Ultimately, however, the industry will survive because talented and creative people have stories to tell. As long as that never changes, society will no longer be lacking for quality films; they just might come from Hulu or Netflix instead of the Silver Screen.
“It’s more a question of presentation, but ultimately we’re talking about fandom,” said Silver. "So what it comes down to is tapping into that inherent quality of sports, but at the same time, humanizing it in a way that’s broad enough for people to appreciate. But documentaries are movies and scripted features are movies and it really comes down to how you think it's presented and whether you find the humanity and relate to the humanity of the situation. The question now is what story to tell.”

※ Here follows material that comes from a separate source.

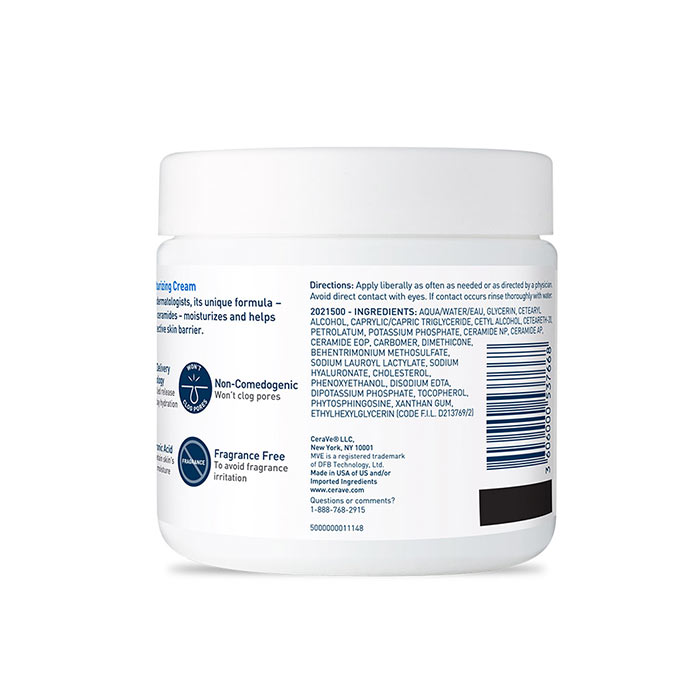 CeraVe Moisturizing Cream is a rich, non-greasy, fast-absorbing moisturizer with three essential ceramides that lock in skin's moisture and help maintain the skin's protective barrier.

Quite the role reversal from 40 years ago. Instead of trying to sneak sports films past studio execs, anyone now has the capability to pick up a camera and begin filming their first sports film.
That may not solve the mediocrity problem in sports films today, as the talent barrier could effectively be removed, but there is little doubt that the next great filmmakers or documentarians already have cameras, YouTube channels and laptops for editing.
Once they find the story to tell, sports movies will reemerge as a cultural force…until the next big thing comes along and complicates the process all over again.